My first solution to this problem:
template <class T, class Key, class KeyFn>
class TKeyedVector : public std::vector<T>
{
public:
const_iterator find(const Key& key) const {return std::find_if(begin(), end(), [&](const T& entry) {return keyFn(entry)==key; }); }
KeyFn keyFn;
};
struct KeyedDataEntry
{
std::string key;
int value;
struct KeyExtractor {
const std::string& operator()(const KeyedDataEntry& e) const {return e.key; };
};
};
using KeyedDataArray = TKeyedVector<KeyedDataEntry, std::string, KeyedDataEntry::KeyExtractor>;
Now this all works, but I would like to be able to remove the need for the KeyExtractor
type by using the pointer to the member variable embedded into the type:
template <class T, class Key, Key T::* keyFn>
class TKeyedVector : public std::vector<T>
{
public:
const_iterator find(const Key& key) const {return std::find_if(begin(), end(), [&](const T& entry) {return keyFn(entry)==key; }); }
};
using KeyedDataArray = TKeyedVector<KeyedDataEntry, std::string, &KeyedDataEntry::key>;
However I can't get this to work. I've been looking at the implementation of std::mem_fn
for clues, but I can't work out how to do it. The error I get with is something like:
warning C4353: nonstandard extension used: constant 0 as function expression. Use '__noop' function intrinsic instead
Any clues?
EDIT: sample version at http://ideone.com/Qu6TEy
Here is the start of a working solution. You don't need a special extractor object.

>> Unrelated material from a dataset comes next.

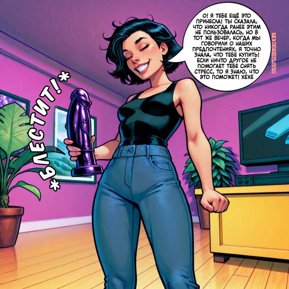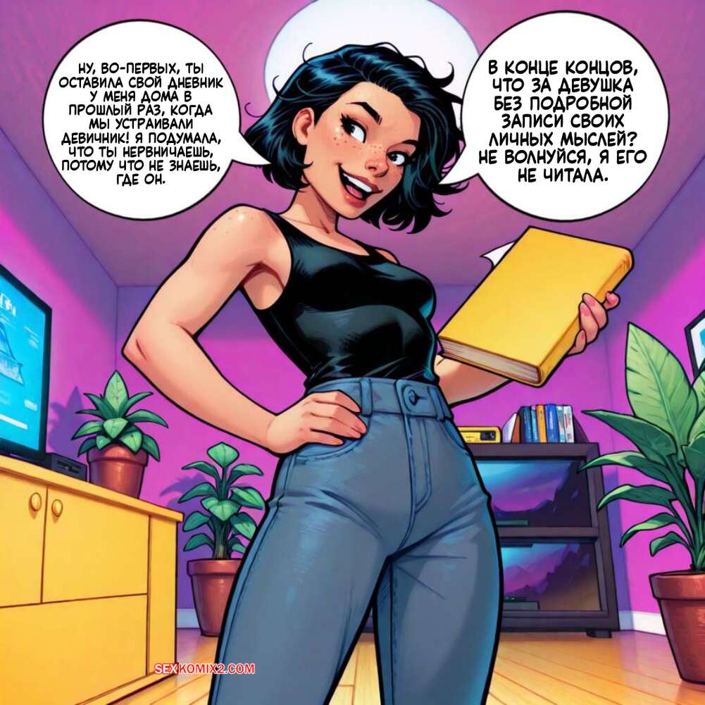 Порно комикс Магия сучек. Часть 2. Bitchcraft. Alwaysolder Горячая брюнетка привыкает к своему новому телу. Она постоянно возбуждена и хочет секса, поэтому использует свой члерный дилдо. Ей этого мало, поэтому она позволяет парню себя выебать.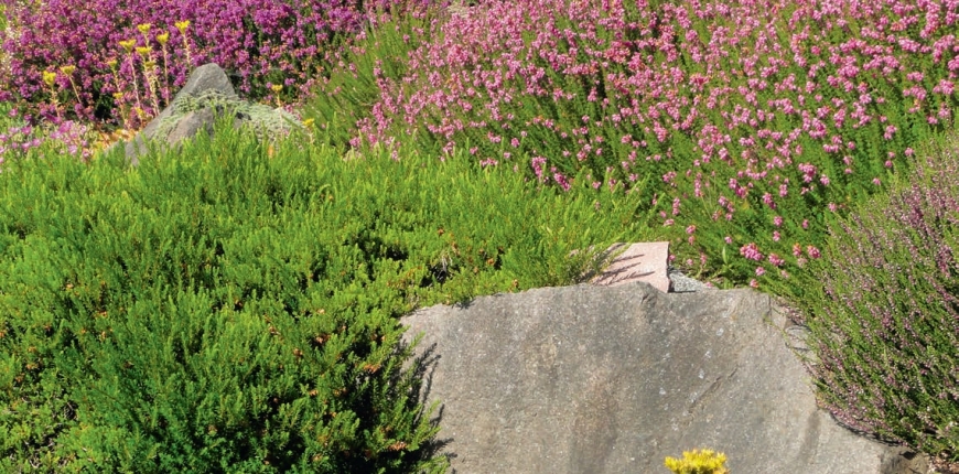 Chociaż w  zależności od odmiany mogą kwitnąć zarówno jesienią, jak i  wiosną to jednak stały się synonimem jesiennego ogrodu. Wrzosy i  wrzośce zachwycają charakterystycznymi kwiatostanami zebranymi w grona, oryginalną kolorystyką oraz niebanalnym pokrojem zimozielonych liści. Te niewielkie krzewinki – wrzosy osiągają w zależności od odmiany 20-60 cm wysokości, a wrzośce dorastają do 30-40 cm – są reprezentowane przez liczne dekoracyjne odmiany we wszelkich odcieniach różu, fioletu, czerwieni i bieli. Najbardziej przyciągają wzrok, gdy rosną w zwartych kępach – kilka sztuk na rabacie lub polanie sprawi, że utworzą bliskie naturze wrzosowisko. Sprawdzą się także jako obwódki rabat.

Note that I have encapsulated the vector. In time, you'll regret not doing this.
#include <vector>
#include <string>
template <class T, class Key, const Key& (T::*Extractor)() const>
class TKeyedVector
{
using storage = std::vector<T>;
using const_iterator = typename storage::const_iterator;
public:
decltype(auto) begin() const
{
return storage_.begin();
}
decltype(auto) end() const
{
return storage_.end();
}
const_iterator find(const Key& key) const
{
return std::find_if(begin(),
end(),
[&](const T& entry)
{
return entry.*Extractor() == key;
});
}
storage storage_;
};
struct KeyedDataEntry
{
std::string key;
int value;
const std::string& get_key() const { return key; }
};
int main()
{
TKeyedVector<KeyedDataEntry, std::string, &KeyedDataEntry::get_key> mymap;
}
But there is a problem with this idea of yours.
In order for this structure to be a map, the keys must be immutable. This argues for only returning immutable objects. This then argues immediately for simply using an unordered_set
or set
.
If you're going to return references to mutable objects in the underlying vector, then you may as well simply use std::find_if
with a predicate to find them.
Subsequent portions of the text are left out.